## Action item
Transcribe the lines below exactly. No image belongs in the transcription.

## Data block

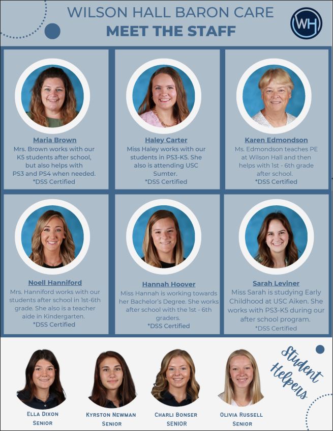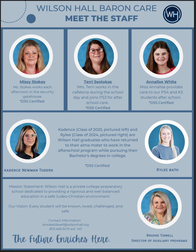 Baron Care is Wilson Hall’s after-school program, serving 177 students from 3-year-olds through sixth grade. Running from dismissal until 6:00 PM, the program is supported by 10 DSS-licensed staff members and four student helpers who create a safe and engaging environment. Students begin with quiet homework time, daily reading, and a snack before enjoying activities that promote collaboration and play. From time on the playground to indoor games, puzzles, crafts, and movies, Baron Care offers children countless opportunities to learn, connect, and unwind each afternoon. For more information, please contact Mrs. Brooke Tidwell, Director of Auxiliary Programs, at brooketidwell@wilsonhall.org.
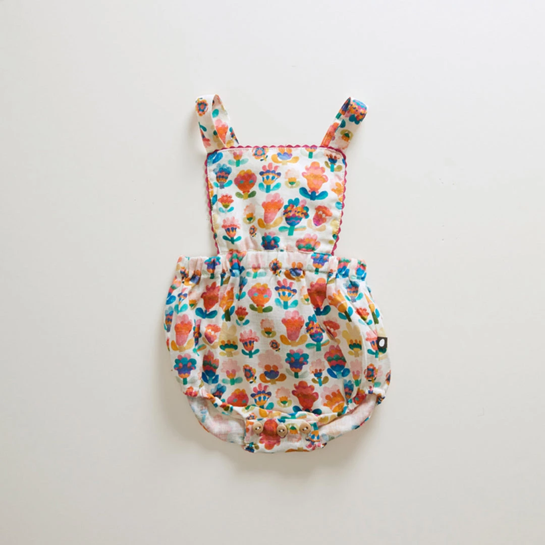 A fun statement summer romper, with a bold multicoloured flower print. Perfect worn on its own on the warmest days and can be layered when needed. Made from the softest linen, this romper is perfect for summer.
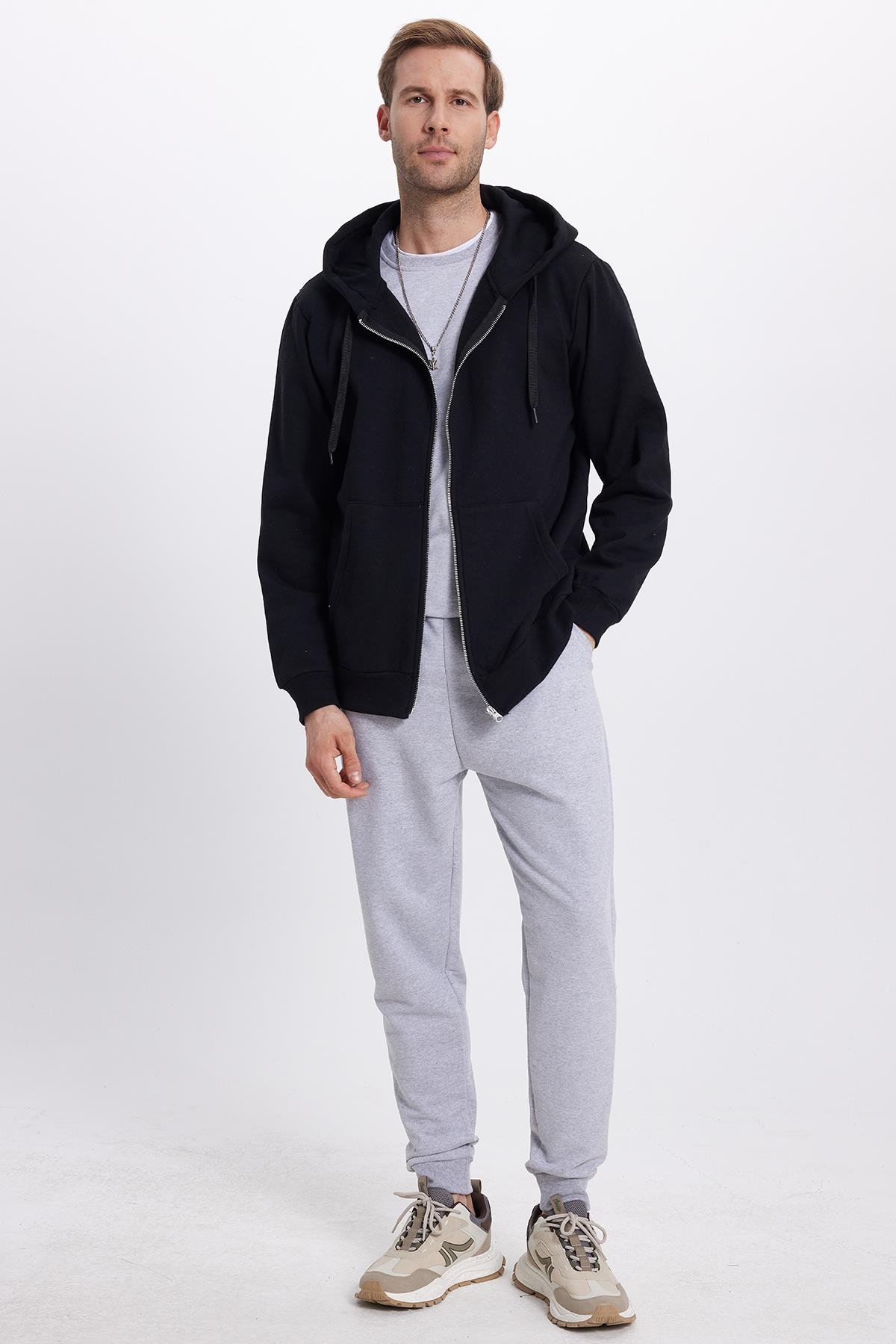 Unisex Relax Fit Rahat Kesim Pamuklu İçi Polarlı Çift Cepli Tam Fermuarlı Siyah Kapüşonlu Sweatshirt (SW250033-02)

## Output
 Baron Care is Wilson Hall’s after-school program, serving 177 students from 3-year-olds through sixth grade. Running from dismissal until 6:00 PM, the program is supported by 10 DSS-licensed staff members and four student helpers who create a safe and engaging environment. Students begin with quiet homework time, daily reading, and a snack before enjoying activities that promote collaboration and play. From time on the playground to indoor games, puzzles, crafts, and movies, Baron Care offers children countless opportunities to learn, connect, and unwind each afternoon. For more information, please contact Mrs. Brooke Tidwell, Director of Auxiliary Programs, at brooketidwell@wilsonhall.org.
 A fun statement summer romper, with a bold multicoloured flower print. Perfect worn on its own on the warmest days and can be layered when needed. Made from the softest linen, this romper is perfect for summer.
 Unisex Relax Fit Rahat Kesim Pamuklu İçi Polarlı Çift Cepli Tam Fermuarlı Siyah Kapüşonlu Sweatshirt (SW250033-02)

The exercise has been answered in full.